Bento XVI não publicará a encíclica sobre a fé – embora
em fase avançada – que devia apresentar na primavera. Já não tem
tempo. E nenhum sucessor é obrigado a retomar uma encíclica incompleta
do próprio predecessor. Mas existe outra encíclica de Bento XVI,
escondida no seu coração, uma encíclica não escrita. Ou melhor,
escrita não pela sua pena mas pelo gesto do seu pontificado. Esta
encíclica não é um texto, mas uma realidade: a humildade.

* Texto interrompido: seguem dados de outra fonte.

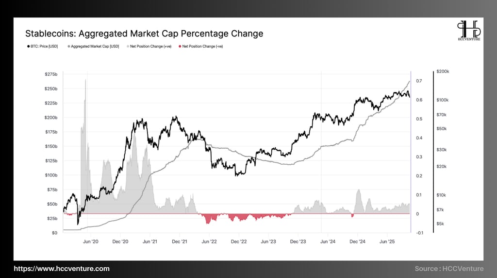 The steady increase in stablecoin capitalization throughout the second half of 2024 and maintaining a positive growth rate into the fourth quarter of 2025 represents a sustainable recovery of USDized capital flows, acting as liquidity fuel to support the new growth cycle of Bitcoin and risk assets.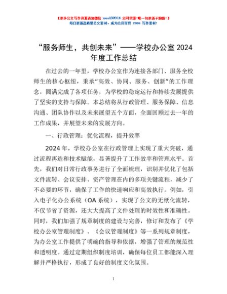 / “服务师生,共创未来”——学校办公室2024年度工作总结

A 19 de abril de 2005 um homem que pertence à raça das
águias intelectuais, temido pelos seus adversários, admirado pelos seus
estudantes, respeitado por todos devido à acutilância das suas
análises sobre a Igreja e o mundo, apresenta-se, recém-eleito Papa,
como um cordeiro levado para o sacrifício. Utilizará até a terrível
palavra «guilhotina» para descrever o sentimento que o invadiu no
momento em que os seus irmãos cardeais, na Capela Sistina, ainda
fechada para o mundo, se viraram para ele, eleito entre todos, para o
aplaudir. Nas imagens da época, a sua figura curvada e o seu rosto
surpreendido testemunham-no.
Depois teve que aprender o mister de Papa. Extirpou,
como raízes arraigadas sob o húmus da terra, o eterno tímido, lúcido na
mente mas desajeitado no corpo, para o projetar perante o mundo. Foi
um choque para ambas as partes. Não conseguia assumir a desenvoltura do
saudoso João Paulo II. O mundo compreendia mal aquele Papa sem efeito.
Bento XVI nem teve os cem dias de "estado de graça" que se atribuem
aos presidentes profanos. Teve, sem dúvida, a graça divina, fina mas
pouco mundana. Contudo teve, ainda e sempre, a humildade de aprender
sob os olhares de todos.
Foram sete anos terríveis de pontificado. Nunca um Papa
teve, num certo sentido, tão pouco "sucesso". Passou de polémica em
polémica: crise com o Islão depois do seu discurso de Ratisbona, onde
evocou a violência religiosa; deformação das suas palavras sobre a Sida
durante a primeira viagem à África, que suscitou um protesto mundial;
vergonha sofrida pelo explodir da questão dos sacerdotes pedófilos, por
ele enfrentada; o caso Williamson, onde o seu gesto de generosidade em
relação aos quatro bispos ordenados por D. Lefebvre (o Papa revogou as
excomunhões) se transformou numa reprovação mundial contra Bento XVI,
porque não tinha sido informado sobre os discursos negacionistas da
Shoah feitos por um deles; incompreensões e dificuldades de pôr em ação
o seu desejo de transparência quanto às finanças do Vaticano; traição
de uma parte do seu grupo mais próximo no caso Vatileaks, com o seu
mordomo que subtraiu cartas confidenciais para as publicar...
Não teve nem sequer um ano de trégua. Nada lhe foi
poupado. Às violentas provações físicas do pontificado de João Paulo
II, ao atentado e ao mal de Parkinson, parecem corresponder as
provações morais de rara violência desta litania de contradições
sofrida por Bento XVI.
Ao renunciar, o Papa eclipsa-se. À própria imagem do seu pontificado. Mas só Deus conhece o poder e a fecundidade da humildade.